Start of EXERCISE MATERIAL

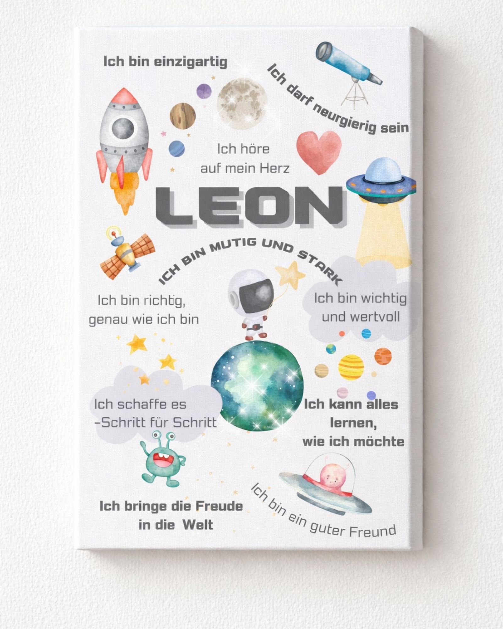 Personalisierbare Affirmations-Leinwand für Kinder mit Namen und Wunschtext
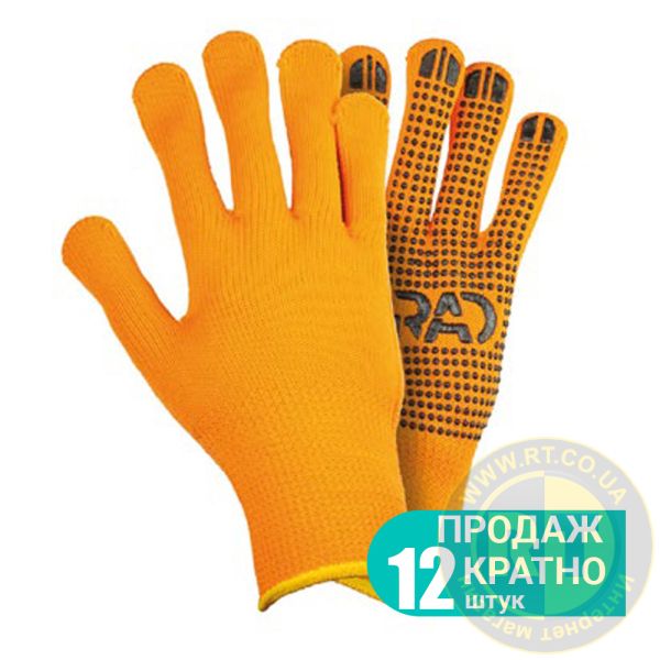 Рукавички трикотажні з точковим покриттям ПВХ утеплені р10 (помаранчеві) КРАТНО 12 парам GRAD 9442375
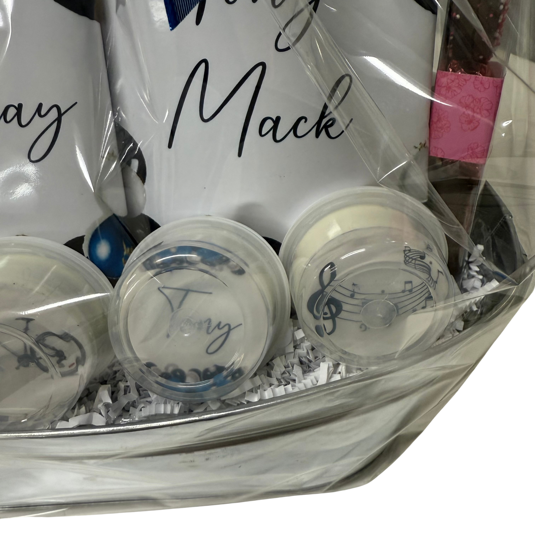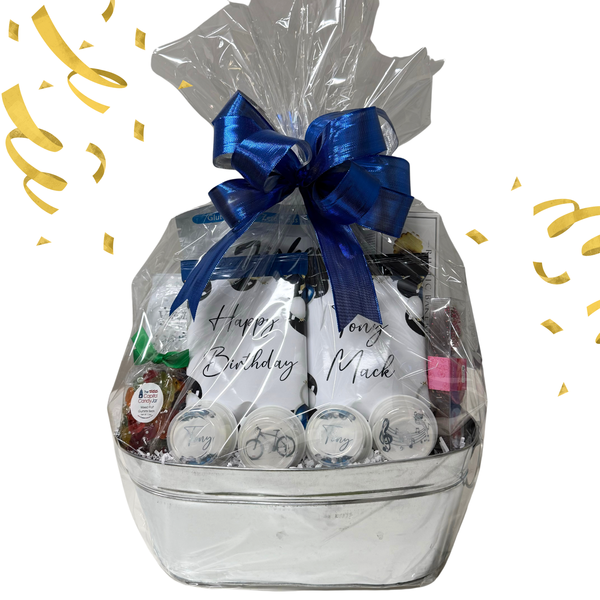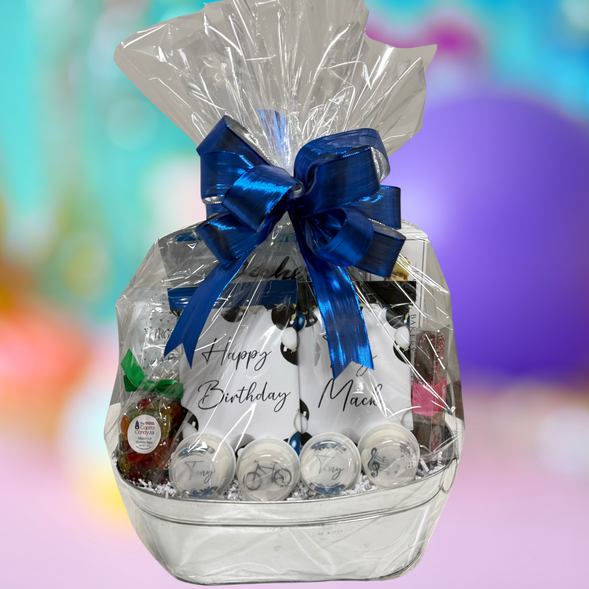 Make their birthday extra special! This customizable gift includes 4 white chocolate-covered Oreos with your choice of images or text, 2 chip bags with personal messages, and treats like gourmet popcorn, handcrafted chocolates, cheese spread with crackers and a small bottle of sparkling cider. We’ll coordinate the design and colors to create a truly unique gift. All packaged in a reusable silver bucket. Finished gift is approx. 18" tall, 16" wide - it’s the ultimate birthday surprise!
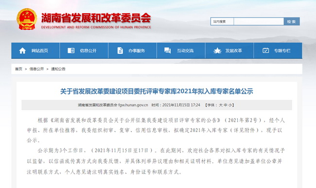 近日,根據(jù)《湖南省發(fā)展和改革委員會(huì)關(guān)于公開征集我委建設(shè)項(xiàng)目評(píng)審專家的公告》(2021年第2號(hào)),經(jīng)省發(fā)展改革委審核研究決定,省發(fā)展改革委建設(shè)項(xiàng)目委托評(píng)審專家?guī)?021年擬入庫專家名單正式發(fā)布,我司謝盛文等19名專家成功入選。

End of EXERCISE MATERIAL
Start of EXERCISE MATERIAL

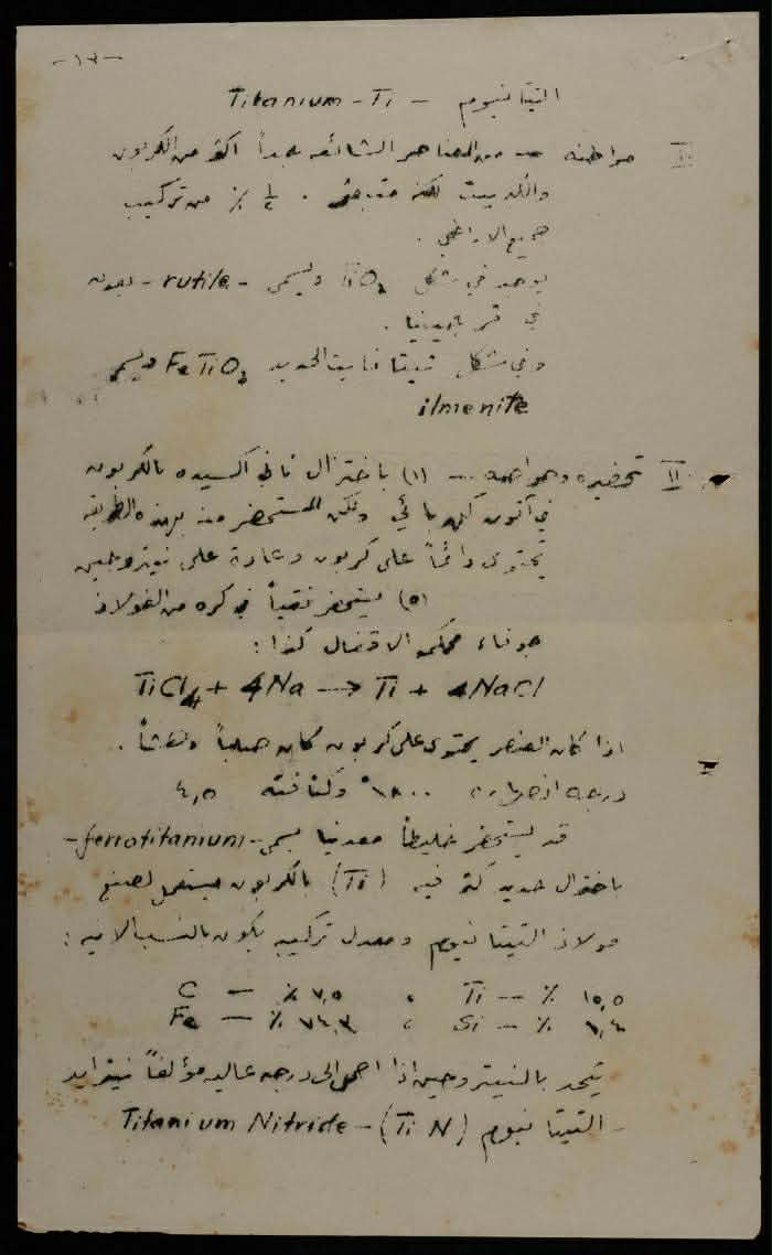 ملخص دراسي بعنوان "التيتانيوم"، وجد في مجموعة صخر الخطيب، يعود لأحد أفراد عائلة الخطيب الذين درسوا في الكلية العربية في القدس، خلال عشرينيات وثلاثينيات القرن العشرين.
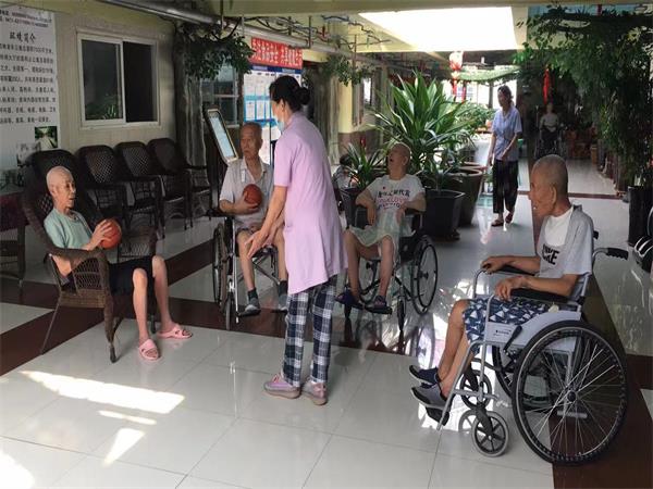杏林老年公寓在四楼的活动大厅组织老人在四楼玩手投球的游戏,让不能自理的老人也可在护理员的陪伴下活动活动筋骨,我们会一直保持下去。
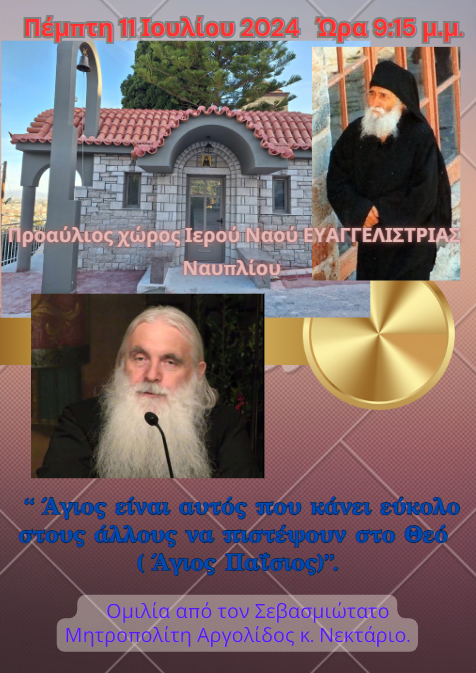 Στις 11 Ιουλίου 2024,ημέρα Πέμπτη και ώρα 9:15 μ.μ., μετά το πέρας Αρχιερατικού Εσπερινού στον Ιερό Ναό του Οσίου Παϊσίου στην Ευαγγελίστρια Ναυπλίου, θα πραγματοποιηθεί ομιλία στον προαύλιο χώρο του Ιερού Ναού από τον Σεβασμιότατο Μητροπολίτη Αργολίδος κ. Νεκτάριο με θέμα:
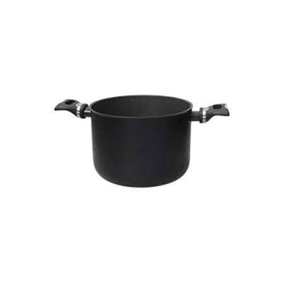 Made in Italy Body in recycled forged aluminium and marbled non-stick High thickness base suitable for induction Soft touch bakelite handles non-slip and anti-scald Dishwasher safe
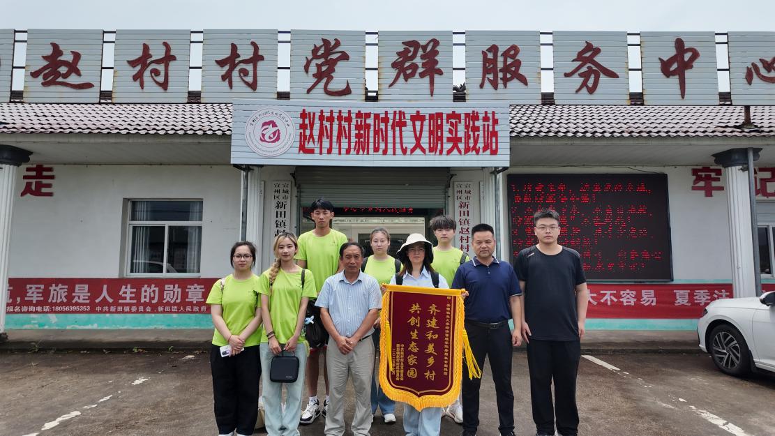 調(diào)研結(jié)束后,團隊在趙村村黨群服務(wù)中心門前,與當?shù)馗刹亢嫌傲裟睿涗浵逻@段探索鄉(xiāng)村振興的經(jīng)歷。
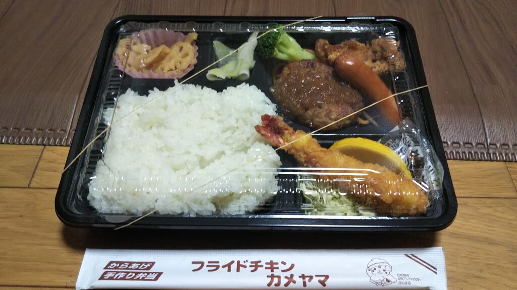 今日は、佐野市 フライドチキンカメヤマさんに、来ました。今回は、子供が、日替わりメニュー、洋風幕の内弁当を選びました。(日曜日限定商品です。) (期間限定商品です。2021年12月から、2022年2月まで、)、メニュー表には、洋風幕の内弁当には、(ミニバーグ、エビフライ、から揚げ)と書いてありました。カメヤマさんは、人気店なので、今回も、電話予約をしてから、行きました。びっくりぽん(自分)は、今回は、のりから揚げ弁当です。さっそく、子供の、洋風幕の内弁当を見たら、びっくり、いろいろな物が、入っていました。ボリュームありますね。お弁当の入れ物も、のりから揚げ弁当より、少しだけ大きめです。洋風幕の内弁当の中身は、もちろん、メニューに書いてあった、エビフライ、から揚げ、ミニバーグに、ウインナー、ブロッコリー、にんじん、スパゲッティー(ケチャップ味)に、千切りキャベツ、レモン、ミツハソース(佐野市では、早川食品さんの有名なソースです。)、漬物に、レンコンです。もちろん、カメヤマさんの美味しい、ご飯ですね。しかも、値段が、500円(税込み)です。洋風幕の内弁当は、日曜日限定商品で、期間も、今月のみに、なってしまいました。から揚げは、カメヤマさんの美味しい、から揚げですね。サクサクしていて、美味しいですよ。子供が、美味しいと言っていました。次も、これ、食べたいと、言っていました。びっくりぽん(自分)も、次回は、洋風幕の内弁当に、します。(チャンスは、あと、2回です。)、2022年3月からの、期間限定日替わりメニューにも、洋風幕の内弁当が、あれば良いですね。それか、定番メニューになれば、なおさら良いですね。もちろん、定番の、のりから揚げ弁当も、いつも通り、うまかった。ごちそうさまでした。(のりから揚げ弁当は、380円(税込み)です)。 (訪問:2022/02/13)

End of EXERCISE MATERIAL

#### [PROBLEM TO SOLVE]
Once the line with "Personalisierbare Affirmations-Leinwand für" is found above, print it and every line after it through the line with "近日,根據(jù)《湖南省發", exactly. Pictures stay out.

#### [EXERCISE RESPONSE]
 Personalisierbare Affirmations-Leinwand für Kinder mit Namen und Wunschtext
 Рукавички трикотажні з точковим покриттям ПВХ утеплені р10 (помаранчеві) КРАТНО 12 парам GRAD 9442375
 Make their birthday extra special! This customizable gift includes 4 white chocolate-covered Oreos with your choice of images or text, 2 chip bags with personal messages, and treats like gourmet popcorn, handcrafted chocolates, cheese spread with crackers and a small bottle of sparkling cider. We’ll coordinate the design and colors to create a truly unique gift. All packaged in a reusable silver bucket. Finished gift is approx. 18" tall, 16" wide - it’s the ultimate birthday surprise!
 近日,根據(jù)《湖南省發(fā)展和改革委員會(huì)關(guān)于公開征集我委建設(shè)項(xiàng)目評(píng)審專家的公告》(2021年第2號(hào)),經(jīng)省發(fā)展改革委審核研究決定,省發(fā)展改革委建設(shè)項(xiàng)目委托評(píng)審專家?guī)?021年擬入庫專家名單正式發(fā)布,我司謝盛文等19名專家成功入選。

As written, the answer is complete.